◆ Data below
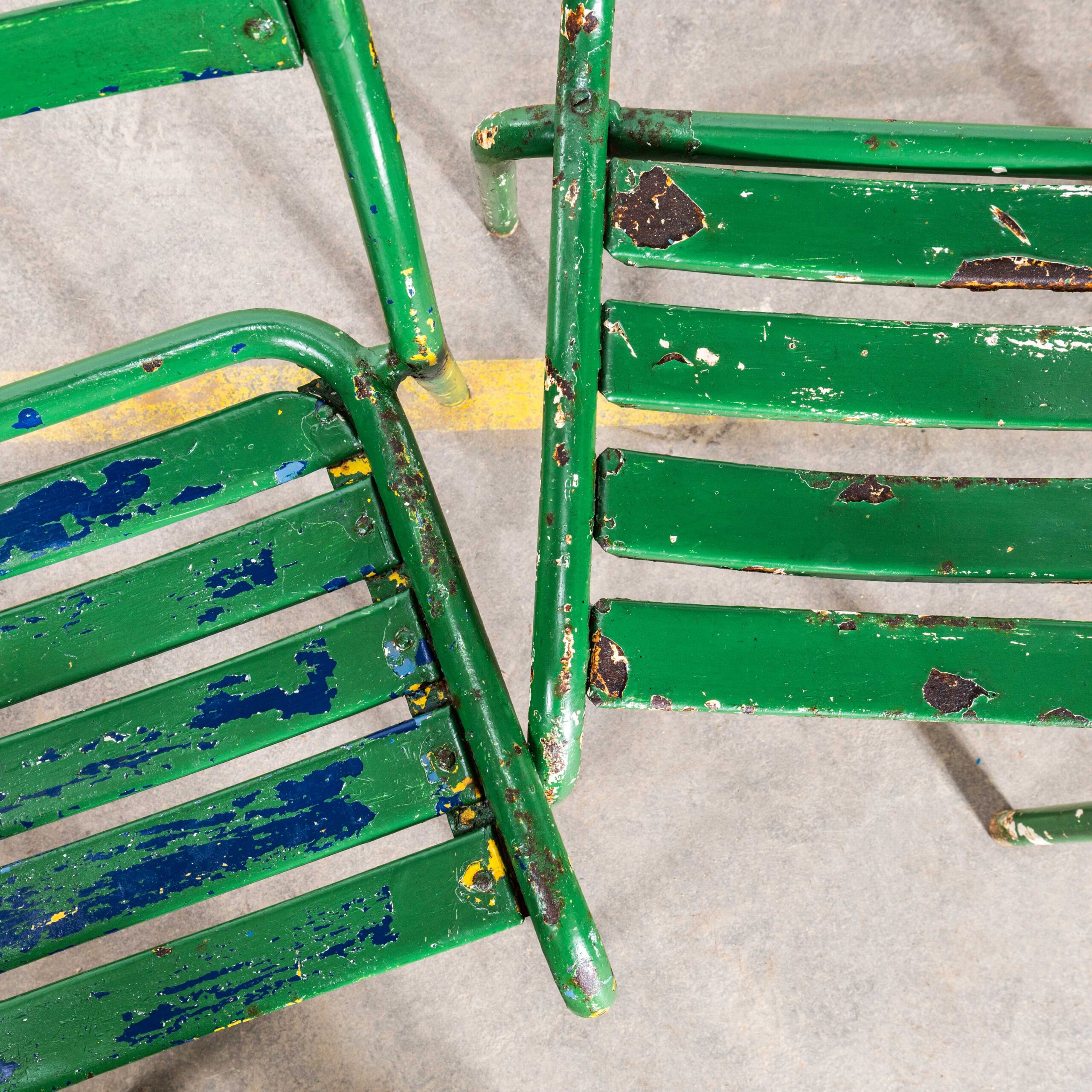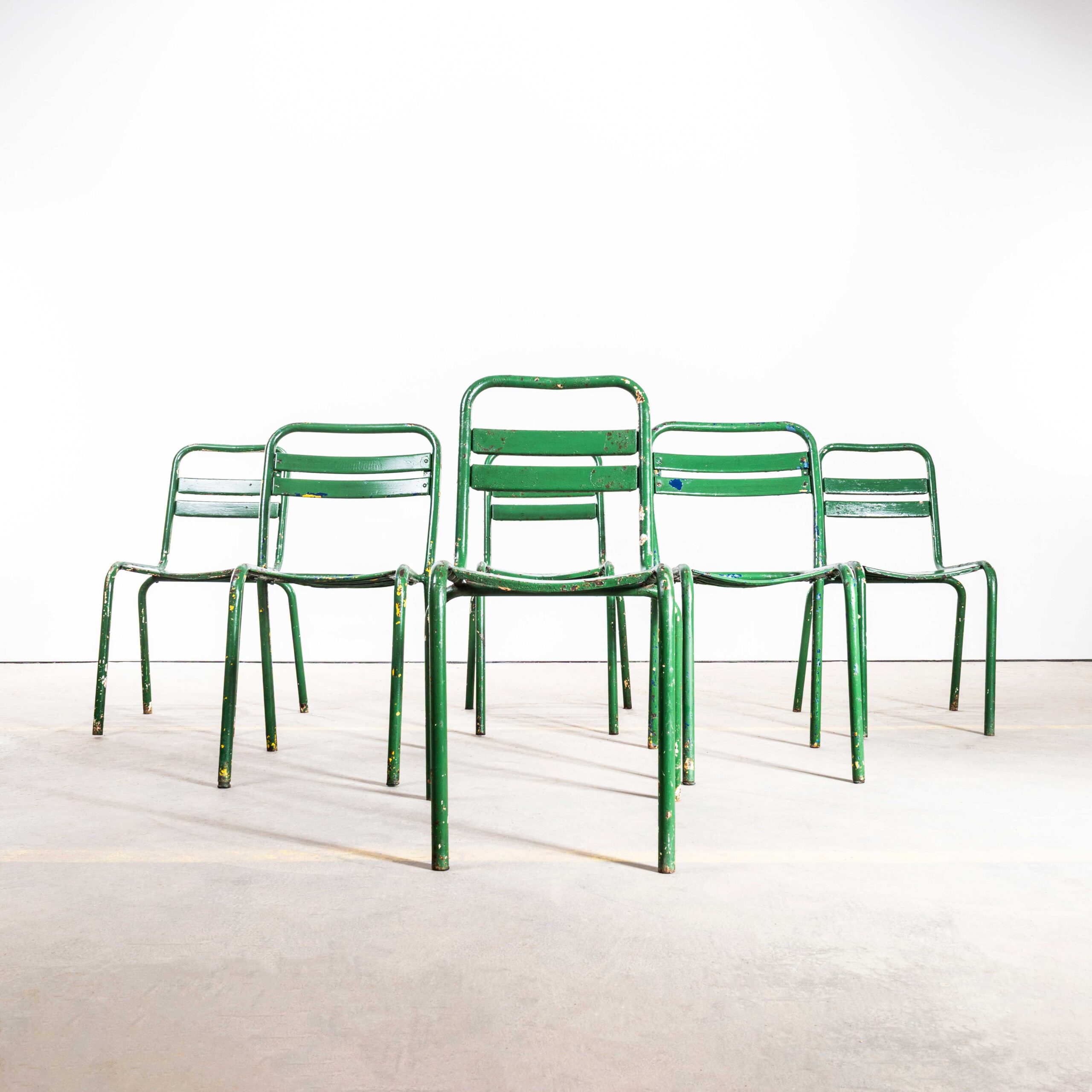 Originele Franse Tolix T2 groene eetkamerstoelen uit de jaren 50
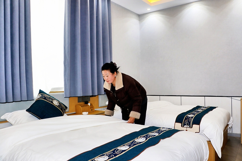 民宿产业的蓬勃发展,也为当地村民提供了就近就业的好机会。村民措姆就在一家家庭民宿上班,平日里帮忙打理民宿相关工作,在家门口就能稳定就业,收入十分可观,月收入最高可达5000元,不用远离家乡,便能兼顾家庭与工作,生活过得越来越红火。
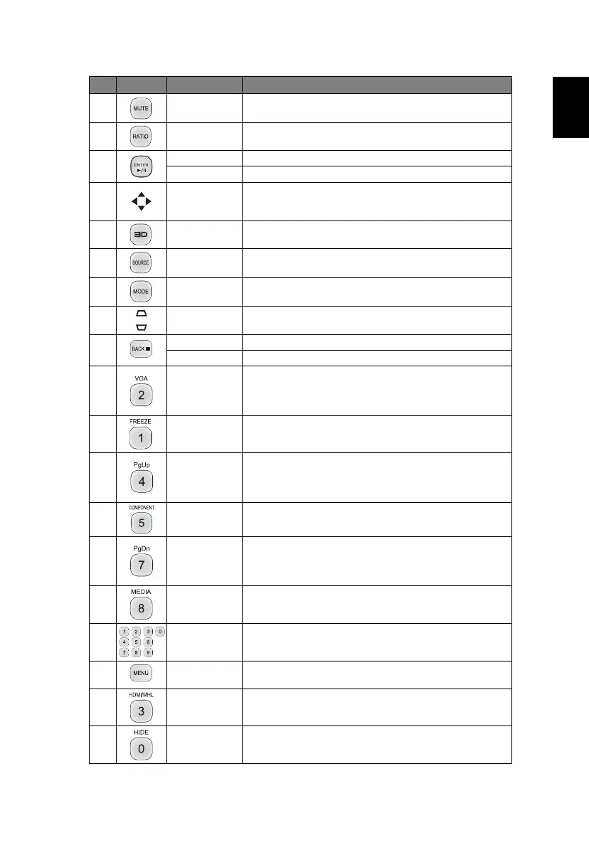 18 KeyPad 0~9 Press "0~9" to input a password in the "Security" OSD.

◆ What needs to be done
Would you print all of the material exactly as written, minus the pictures?

◆ Completed exercise
 Originele Franse Tolix T2 groene eetkamerstoelen uit de jaren 50
 民宿产业的蓬勃发展,也为当地村民提供了就近就业的好机会。村民措姆就在一家家庭民宿上班,平日里帮忙打理民宿相关工作,在家门口就能稳定就业,收入十分可观,月收入最高可达5000元,不用远离家乡,便能兼顾家庭与工作,生活过得越来越红火。
 18 KeyPad 0~9 Press "0~9" to input a password in the "Security" OSD.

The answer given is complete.